Between those huge transfers, the Qatari-French club squandered a two-goal away leg lead against Manchester United in February 2019 and were eliminated by two goals from Romelu Lukaku and one from Marcus Rashford in the second game at Parc des Princes in March.
To lose once this way is unfortunate. To do it so repetitively suggests engrained negligence. The Ultras saw it coming. This February, three days before the first game against Madrid, they staged their warning by staying out of the Parc des Princes for the opening 25 minutes of a league match,
and when they did take their seats they unfurled banners directed at the club’s hierarchy and at the “overpaid mercenaries” on the pitch.
“These players choose their matches,” read one. “We will do the same.” And “How can you have this mindset that moves mountains when your season seems to begin in February and you play domestic competition at a senatorial pace?”
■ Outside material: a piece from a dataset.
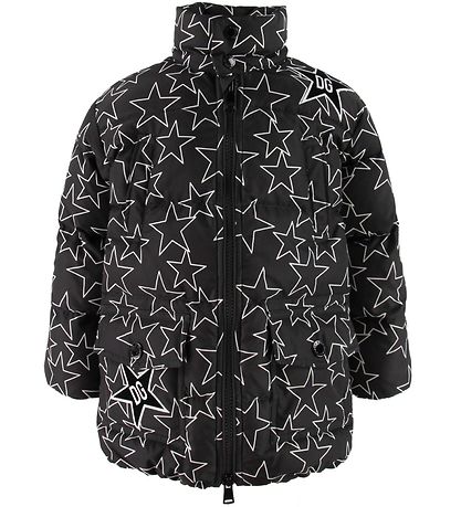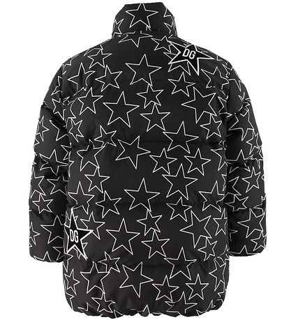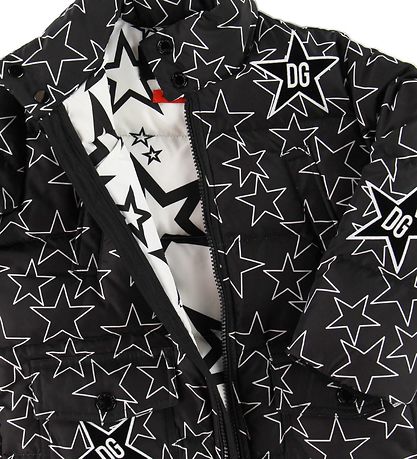doudoune Smart Dolce & Gabbana en noir avec étoiles blanches. Tout autour se trouvent des étoiles en velours noir avec des bords blancs et les lettres « DG » au milieu.

Quelle éloquence! This was not wisdom after the event, but in advance of it. The supporters called for Nasser Al-Khelaifi, their club president, and Leonardo, a former player turned sporting director, to stand down and allow someone with insight in building a team and not just scapegoating managers on a regular basis that only Roman Abramovich had made profitable in terms of the game’s ultimate prizes.
Of course, Abramovich now has his comeuppance, from outside football.
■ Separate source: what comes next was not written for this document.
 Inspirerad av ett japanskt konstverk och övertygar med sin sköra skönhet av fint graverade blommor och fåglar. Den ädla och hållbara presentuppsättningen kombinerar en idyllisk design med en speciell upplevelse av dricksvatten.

PSG fell to a Madrid team superbly orchestrated by Luka Modrić and to three goals by Madrid’s French striker Karim Benzema. Modrić is 36, Benzema 34. But they know how to persevere. They have played their careers in real leagues where every game, virtually every minute, demands energy.
Modrić is that deceptively small and nimble Croatian whose hypnotic skills knocked England out of the European championships on the night when the
manager, Steve McClaren, was mocked as the “Wally with the Brolly”.
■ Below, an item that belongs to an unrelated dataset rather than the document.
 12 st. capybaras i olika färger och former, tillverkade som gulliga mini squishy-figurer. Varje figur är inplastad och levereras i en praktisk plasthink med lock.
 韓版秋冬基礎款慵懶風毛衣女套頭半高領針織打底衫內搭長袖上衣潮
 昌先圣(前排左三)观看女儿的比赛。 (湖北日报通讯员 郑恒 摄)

Is it a manager’s fault when his players are simply outplayed by the genie that is Modrić? Was Mauricio Pochettino, the latest PSG head coach,
culpable in Madrid when Modrić stole the ball off Messi and out-ran, out-willed Neymar to engineer opportunities for Benzema?
That wet November night in 2007 when Croatia eclipsed England, I sat next to Ken Jones, a reporter whose family was steeped in professional football. Before anyone else, Ken drooled about Croatia’s technical ability, notably about the little playmaker Modrić.
If PSG had bought Modrić they would have had a warrior, not a prima donna. If Al-Khelaifi, a former tennis professional, and Leonardo, a splendid left back in his time, truly knew the game they would know that it is not simply a matter of talent but of application. In a word, Modrić still has the desire to persevere when the opponents think the game is over.
Maybe it comes from being born into war, as Modrić was in Yugoslavia. Or to endure it, as West Ham’s Andriy Yarmolenko, the captain of Ukraine, is doing at the moment.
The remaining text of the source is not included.